● **What this task involves**
From the records below, transcribe exactly the lines that begin at the line with "이미지 확대보기니콜라 주가는" and end at the line with "Предполагается, что пользователь", both included.

● **Data under study**
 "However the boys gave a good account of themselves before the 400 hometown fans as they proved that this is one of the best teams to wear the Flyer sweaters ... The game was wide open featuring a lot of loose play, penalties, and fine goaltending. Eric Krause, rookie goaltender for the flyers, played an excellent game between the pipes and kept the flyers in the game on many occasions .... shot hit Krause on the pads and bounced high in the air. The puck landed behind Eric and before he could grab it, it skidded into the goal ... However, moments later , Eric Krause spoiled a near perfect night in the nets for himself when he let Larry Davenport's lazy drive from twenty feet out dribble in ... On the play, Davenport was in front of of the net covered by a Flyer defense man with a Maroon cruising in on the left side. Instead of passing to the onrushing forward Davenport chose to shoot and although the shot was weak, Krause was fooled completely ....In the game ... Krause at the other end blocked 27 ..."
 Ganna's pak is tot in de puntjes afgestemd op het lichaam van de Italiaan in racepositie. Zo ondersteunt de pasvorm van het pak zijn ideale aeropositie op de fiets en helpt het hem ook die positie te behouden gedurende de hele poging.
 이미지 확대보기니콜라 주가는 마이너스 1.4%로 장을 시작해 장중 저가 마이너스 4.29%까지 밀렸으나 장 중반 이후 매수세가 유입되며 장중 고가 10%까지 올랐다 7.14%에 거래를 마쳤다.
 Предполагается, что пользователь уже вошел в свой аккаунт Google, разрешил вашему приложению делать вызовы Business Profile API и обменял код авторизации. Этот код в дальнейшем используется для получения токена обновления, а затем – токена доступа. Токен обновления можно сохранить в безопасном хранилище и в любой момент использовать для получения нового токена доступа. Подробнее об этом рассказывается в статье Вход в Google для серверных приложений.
* * *
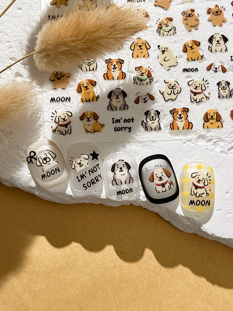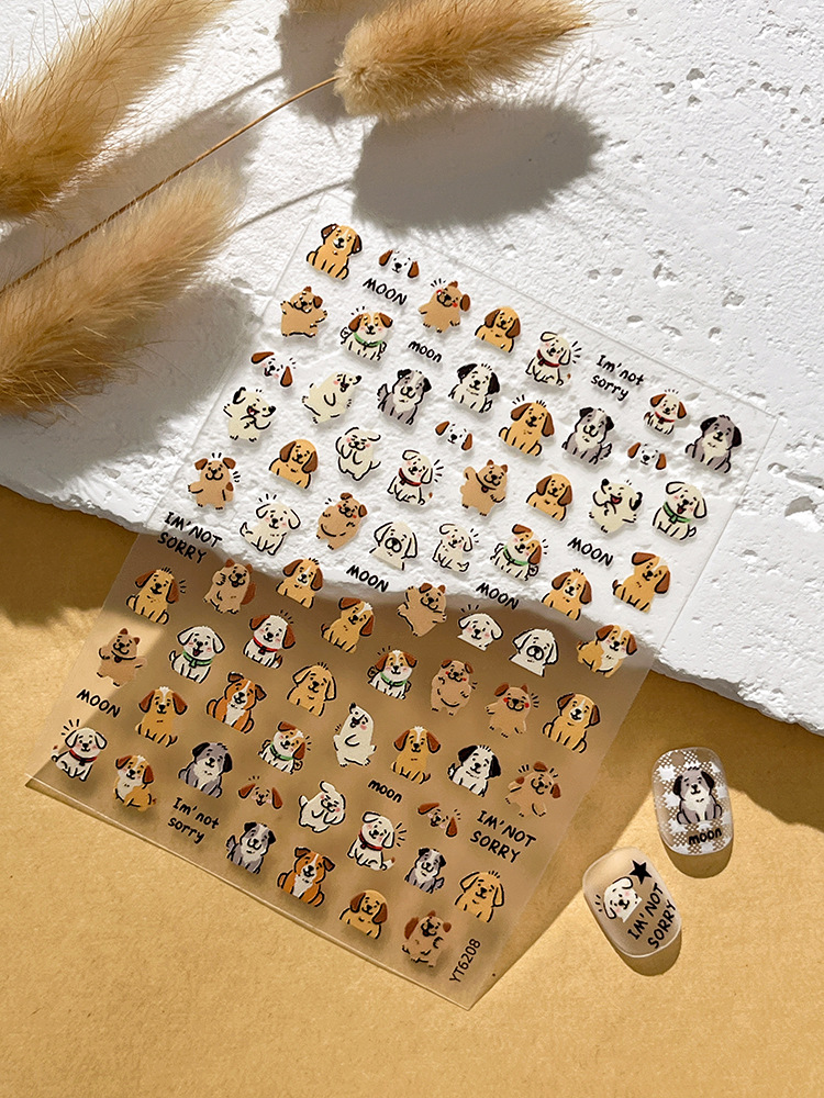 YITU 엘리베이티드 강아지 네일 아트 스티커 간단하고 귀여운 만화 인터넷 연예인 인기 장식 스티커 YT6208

● **Your solution**
 이미지 확대보기니콜라 주가는 마이너스 1.4%로 장을 시작해 장중 저가 마이너스 4.29%까지 밀렸으나 장 중반 이후 매수세가 유입되며 장중 고가 10%까지 올랐다 7.14%에 거래를 마쳤다.
 Предполагается, что пользователь уже вошел в свой аккаунт Google, разрешил вашему приложению делать вызовы Business Profile API и обменял код авторизации. Этот код в дальнейшем используется для получения токена обновления, а затем – токена доступа. Токен обновления можно сохранить в безопасном хранилище и в любой момент использовать для получения нового токена доступа. Подробнее об этом рассказывается в статье Вход в Google для серверных приложений.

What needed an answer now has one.